Intercalated cells type A and B = Acid base balance
Principal Cells = mineral balance
227
Describe the function of intercalated A cells during acidosis
Acidosis = decreased pH which means Co2 in the blood is high. CO2 diffuses from blood in A cell and combines with H2O (CA) to form H2Co3. this dissociates into HCO3- and H+. HCO3- is absorbed across the basolateral membrane into the blood in exchange for Cl-. H+ is secreted into the lumen in exchange for K+ that has been excreted from the DCT cells. H+ now in the tubulars fluid combines with NH3 which has diffused from the blood to form the weak acid ammonium (NH4) which can be excreted.
228
Describe the function of intercalated B cells during Alkalosis
Alkalosis = increased pH
H2CO3 dissociates in intercalated B cells into HCO3- and H+. HCO3- is secreted into the tubular fluid in exchange for chloride ions which then diffuse into the blood.
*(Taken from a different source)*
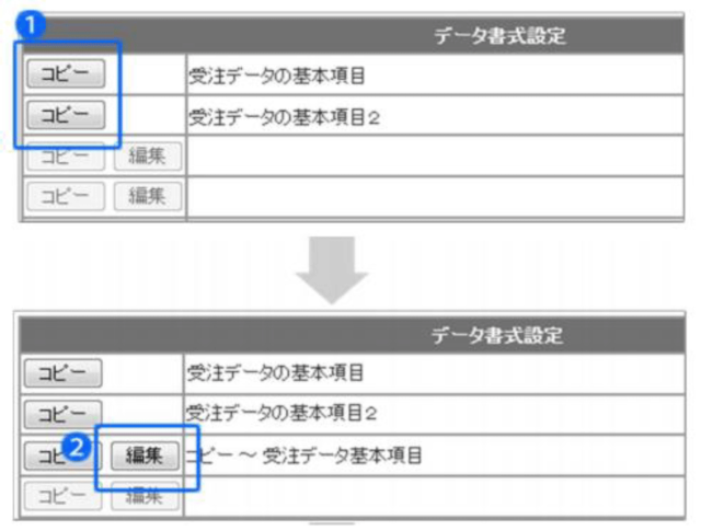 - データ書式設定>コピーをクリックする 受注データ基本項目 基本項目2どちらでもよい

The H+ is absorbed across the basolateral membrane in exchange for K+ via the H+/K+ ATPase
229
Describe the production and action of ADH on the principal cells of the collecting duct
Supraoptic nucleus in hypothalamus projects to posterior pituitary to cause ADH to be released.
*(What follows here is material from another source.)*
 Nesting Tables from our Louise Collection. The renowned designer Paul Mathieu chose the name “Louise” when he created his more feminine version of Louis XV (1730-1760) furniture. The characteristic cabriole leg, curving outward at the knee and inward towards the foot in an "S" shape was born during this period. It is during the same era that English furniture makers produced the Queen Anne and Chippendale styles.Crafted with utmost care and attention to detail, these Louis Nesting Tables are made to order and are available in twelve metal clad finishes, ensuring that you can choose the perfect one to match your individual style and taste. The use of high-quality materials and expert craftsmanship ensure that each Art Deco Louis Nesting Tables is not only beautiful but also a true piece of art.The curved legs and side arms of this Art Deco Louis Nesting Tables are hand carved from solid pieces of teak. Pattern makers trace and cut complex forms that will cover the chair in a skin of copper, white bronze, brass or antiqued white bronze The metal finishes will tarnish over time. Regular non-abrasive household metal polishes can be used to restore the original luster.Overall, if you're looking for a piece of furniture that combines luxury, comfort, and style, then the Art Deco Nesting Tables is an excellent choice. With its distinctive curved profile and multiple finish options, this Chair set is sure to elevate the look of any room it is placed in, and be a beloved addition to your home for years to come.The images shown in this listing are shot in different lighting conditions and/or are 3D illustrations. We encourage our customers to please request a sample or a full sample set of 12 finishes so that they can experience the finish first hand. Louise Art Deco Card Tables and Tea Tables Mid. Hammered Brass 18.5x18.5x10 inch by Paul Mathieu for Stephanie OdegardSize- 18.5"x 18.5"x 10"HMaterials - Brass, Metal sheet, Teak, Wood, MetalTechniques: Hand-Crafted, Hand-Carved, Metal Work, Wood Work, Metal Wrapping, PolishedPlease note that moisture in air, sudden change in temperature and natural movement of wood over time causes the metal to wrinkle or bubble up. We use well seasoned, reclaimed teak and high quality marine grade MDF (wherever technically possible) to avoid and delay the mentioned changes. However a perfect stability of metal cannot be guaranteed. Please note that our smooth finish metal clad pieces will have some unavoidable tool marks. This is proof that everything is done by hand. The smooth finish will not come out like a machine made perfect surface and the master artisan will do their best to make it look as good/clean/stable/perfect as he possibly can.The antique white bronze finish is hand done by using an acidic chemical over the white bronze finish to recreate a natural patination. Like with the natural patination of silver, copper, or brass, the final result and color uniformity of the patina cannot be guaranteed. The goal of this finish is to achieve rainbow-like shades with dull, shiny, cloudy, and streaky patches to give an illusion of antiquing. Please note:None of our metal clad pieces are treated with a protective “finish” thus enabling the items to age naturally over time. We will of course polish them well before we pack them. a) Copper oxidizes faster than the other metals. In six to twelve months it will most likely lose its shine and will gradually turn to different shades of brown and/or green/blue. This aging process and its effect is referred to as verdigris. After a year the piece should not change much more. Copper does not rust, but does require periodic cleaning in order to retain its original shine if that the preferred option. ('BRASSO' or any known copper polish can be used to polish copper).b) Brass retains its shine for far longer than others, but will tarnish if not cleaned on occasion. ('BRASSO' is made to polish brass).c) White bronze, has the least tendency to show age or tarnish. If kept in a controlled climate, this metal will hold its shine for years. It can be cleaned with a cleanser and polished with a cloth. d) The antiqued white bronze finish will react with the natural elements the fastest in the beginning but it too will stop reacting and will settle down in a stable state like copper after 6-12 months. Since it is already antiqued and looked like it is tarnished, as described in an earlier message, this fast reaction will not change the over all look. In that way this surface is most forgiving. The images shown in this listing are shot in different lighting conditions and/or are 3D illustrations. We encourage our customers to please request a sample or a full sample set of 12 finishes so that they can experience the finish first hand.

ADH binds the V2 receptor on principal cells activates Gs G-protein which causes adenylate cyclase to convert ATP to cAMP which activates PKA to phosphorylate AQP2 vesicle to insert onto luminal membrane. Water enters the principal cells and moves into the bloodstream via AQP3 and 4 transporters
230
What is ADH released in response to?
Angiotensin II
| High plasma osmolality detected by hypothalamic osmoreceptors
231
Describe the purpose of urea reabsorption
Urea reabsorbed in late collecting duct which then enters and concentrates the medullary interstitium making the urine more concentrated
232
Describe the ADH response to excess water consumption
Low plasma osmolality detected by the hypothalamic osmoreceptors which causes decreased secretion of ADH from the posterior pituitary which decreases the permeability of the collecting duct resulting in decreased water reabsorption and increased water excretion
233
Do baroreceptors increase or decrease their firing in response to low blood pressure?
Decrease their firing
234
Which reflex is less sensitive to change in cardiovascular pressure, osmoreceptor reflex or baroreceptor reflex
Baroreceptor reflex is less sensitive than the osmoreceptor reflex
235
What three steps initiate the release of renin from juxtaglomerular cells in order to cause sodium reabsorption?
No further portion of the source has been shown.